_Directions for this task_: From the entries below, transcribe exactly the lines between the line holding "Art no: AS-3-2215" and the line holding "Manicure Set Contains:<br", inclusive; skip all other lines.
--- Material provided Enclosed Below ---
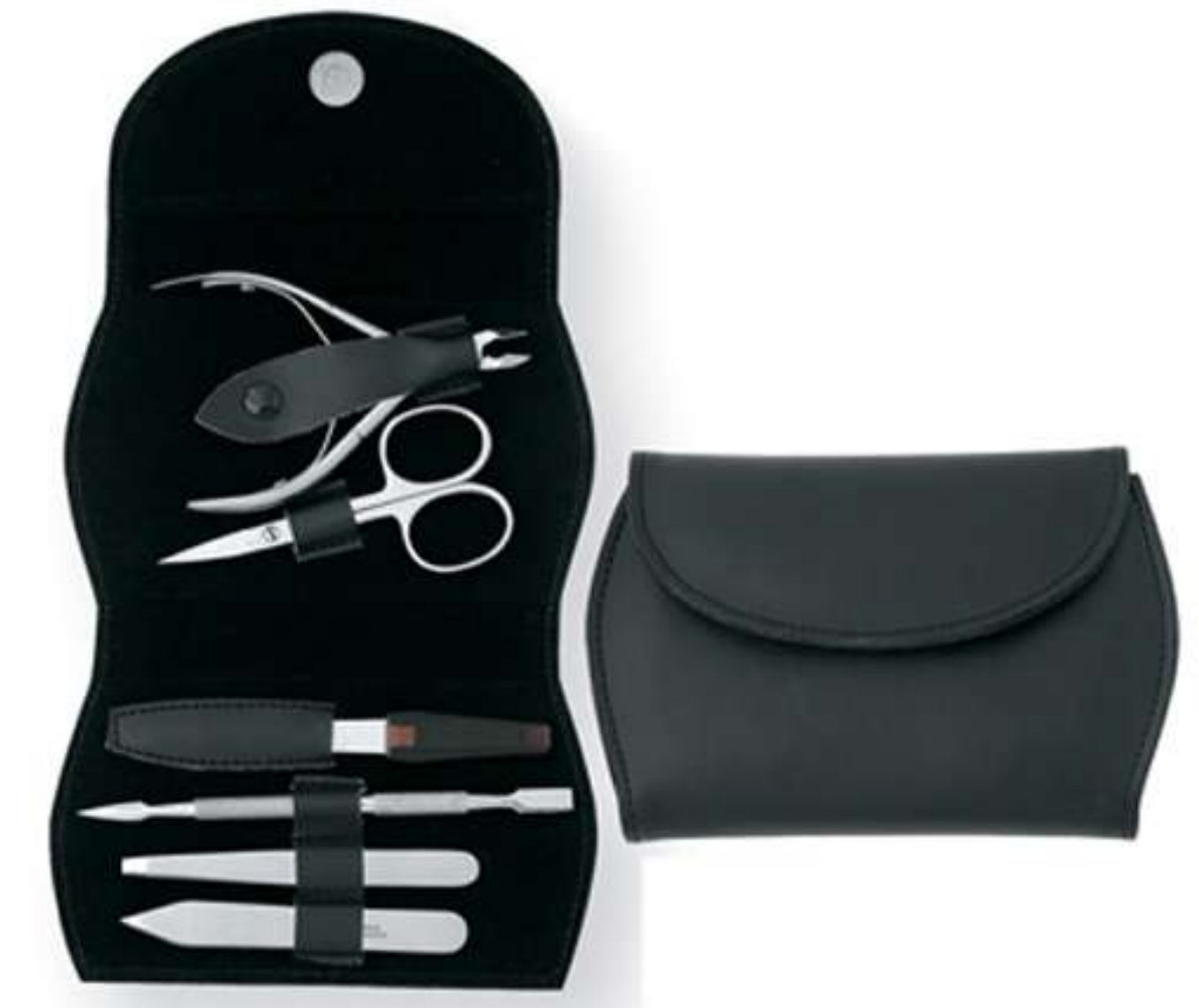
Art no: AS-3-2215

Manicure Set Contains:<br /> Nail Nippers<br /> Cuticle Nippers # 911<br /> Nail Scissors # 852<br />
--- End of Enclosed Material provided ---
--- Material provided Enclosed Below ---
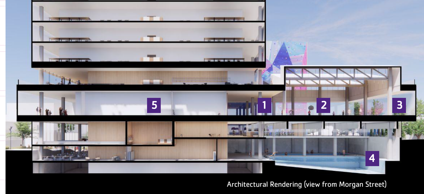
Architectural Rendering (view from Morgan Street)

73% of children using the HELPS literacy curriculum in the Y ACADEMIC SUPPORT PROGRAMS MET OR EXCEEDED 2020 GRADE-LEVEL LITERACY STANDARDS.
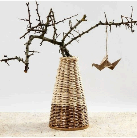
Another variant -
--- End of Enclosed Material provided ---
--- Material provided Enclosed Below ---
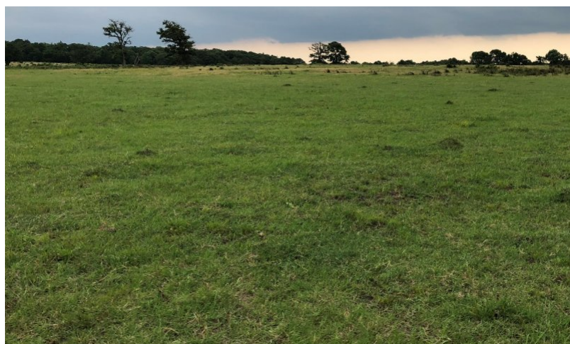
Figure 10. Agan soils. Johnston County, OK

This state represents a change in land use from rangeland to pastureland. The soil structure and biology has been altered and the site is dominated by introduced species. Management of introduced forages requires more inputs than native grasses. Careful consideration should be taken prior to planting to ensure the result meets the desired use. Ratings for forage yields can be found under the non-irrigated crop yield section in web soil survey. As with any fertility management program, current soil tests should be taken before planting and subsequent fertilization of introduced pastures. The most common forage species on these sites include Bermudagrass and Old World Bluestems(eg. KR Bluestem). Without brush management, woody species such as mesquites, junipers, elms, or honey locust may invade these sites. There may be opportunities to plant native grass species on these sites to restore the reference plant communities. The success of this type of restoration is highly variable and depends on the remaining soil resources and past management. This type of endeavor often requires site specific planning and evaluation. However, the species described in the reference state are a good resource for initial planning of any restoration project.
--- End of Enclosed Material provided ---
_Reply_:
Art no: AS-3-2215

Manicure Set Contains:<br /> Nail Nippers<br /> Cuticle Nippers # 911<br /> Nail Scissors # 852<br />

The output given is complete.